Court of Appeals of Louisiana, Fifth Circuit

November 15, 2017

DANIEL MORENO
v.
ENTERGY CORPORATION, ENTER GULF STATES, INC., ENTERGY LOUISIANA, LLC., EAGLE ENTERPRISES OF JEFFERSON, LAFAYETTE INSURANCE COMPANY, WALGREEN LOUISIANA CO., INC., ABC INSURANCE COMPANY AND THE PARISH OF JEFFERSON LAFAYETTE INSURANCE COMPANY
v.
WOODWARD DESIGN BUILD, LLC

         ON APPEAL FROM THE TWENTY-FOURTH JUDICIAL DISTRICT COURT PARISH OF JEFFERSON, STATE OF LOUISIANA NO. 640-321 C/W 752-253, DIVISION "D" HONORABLE SCOTT U.SCHLEGEL, JUDGE PRESIDING

          COUNSEL FOR DEFENDANT/APPELLEE, WOODWARD DESIGN BUILD, LLC CHRISTOPHER K. LEMIEUX BRETT W. TWEEDEL JONATHAN S. FORESTER JOHANNA E. LAMBERT

          COUNSEL FOR DEFENDANT/APPELLANT, LAFAYETTE INSURANCE COMPANY DAVID V. BATT, BRADLEY S. GROCE

          Panel composed of Judges Susan M. Chehardy, Jude G. Gravois, and Robert A. Chaisson

          SUSAN M. CHEHARDY CHIEF JUDGE

         Lafayette Insurance Company appeals the 24th Judicial District Court's judgment of November 22, 2016, holding that Lafayette is obligated to defend and indemnify Carl E. Woodward, LLC in this litigation. For the reasons that follow, we affirm this judgment of the district court.

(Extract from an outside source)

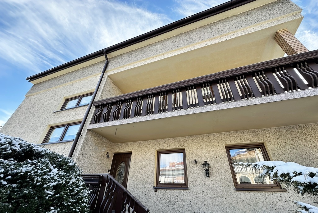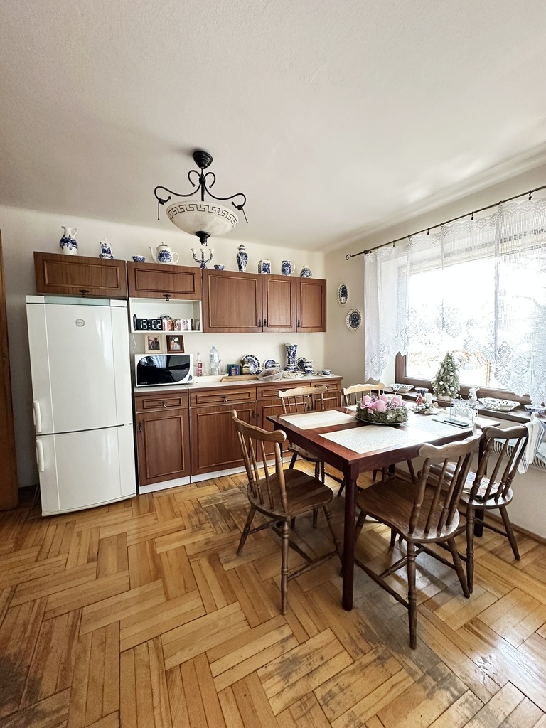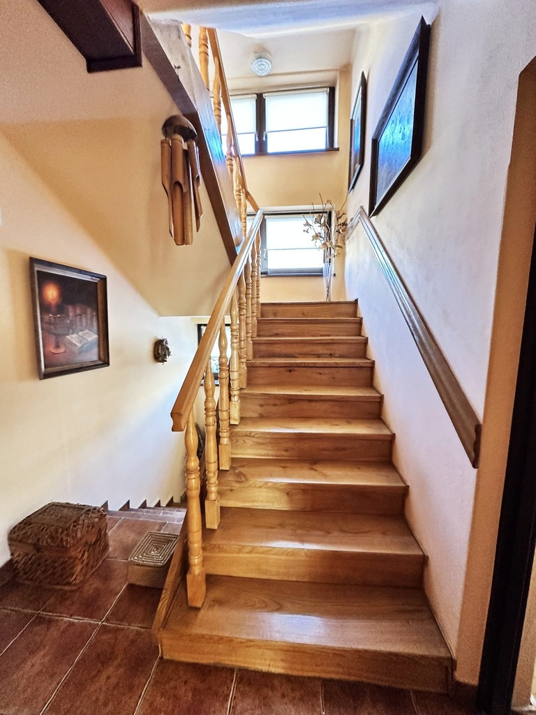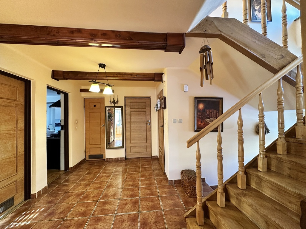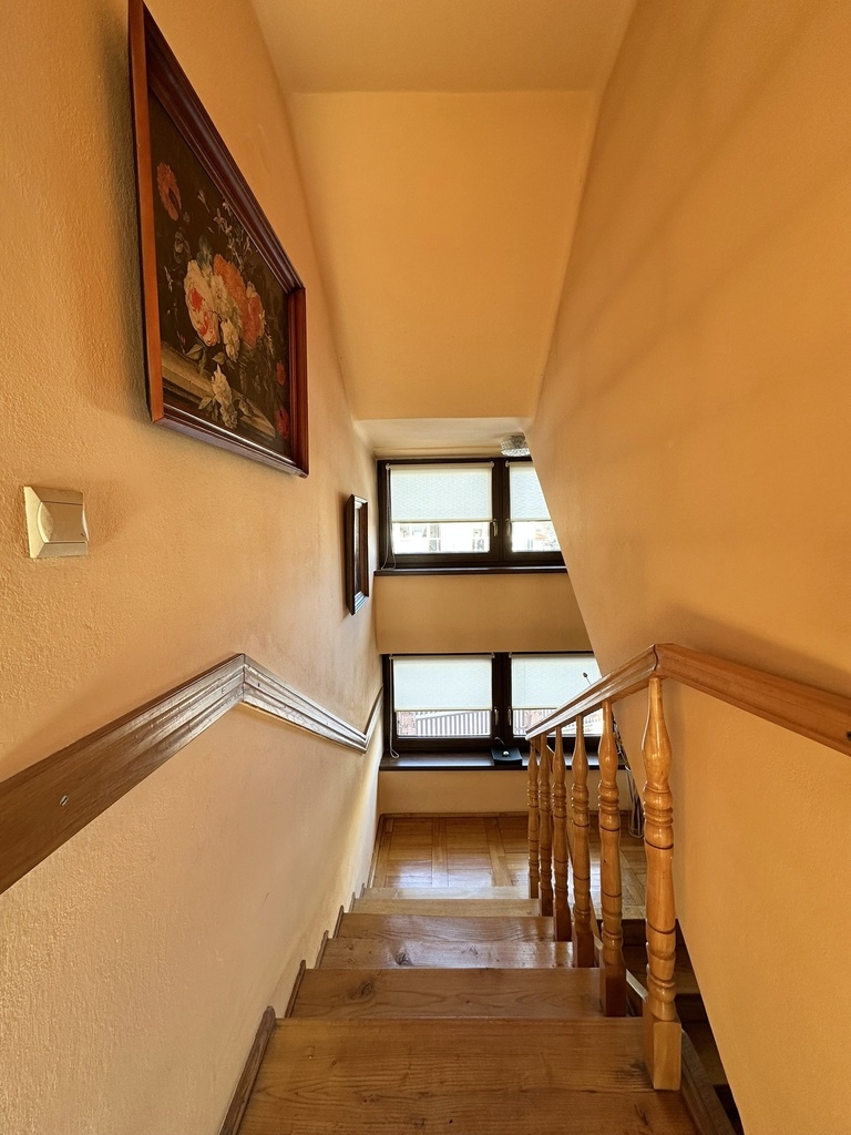 PIĘTRO: 3 pokoje, kuchnia, łazienka, toaleta, dwa balkony.

         FACTUAL BACKGROUND

         This litigation has been the subject of several reported opinions, including two from this Court and two from the Louisiana Supreme Court. See Moreno v. Entergy Corp., 12-97 (La. 12/4/12), 105 So.3d 40; Moreno v. Entergy Corp., 09-976 (La.App. 5 Cir. 10/27/11), 79 So.3d 406; Moreno v. Entergy Corp., 10-2268, 10-2281 (La. 2/18/11), 64 So.3d 761; Moreno v. Entergy Corp., 09-976 (La. App 5 Cir. 9/10/10), 49 So.3d 418. Our recitation of the factual history here draws from these prior opinions.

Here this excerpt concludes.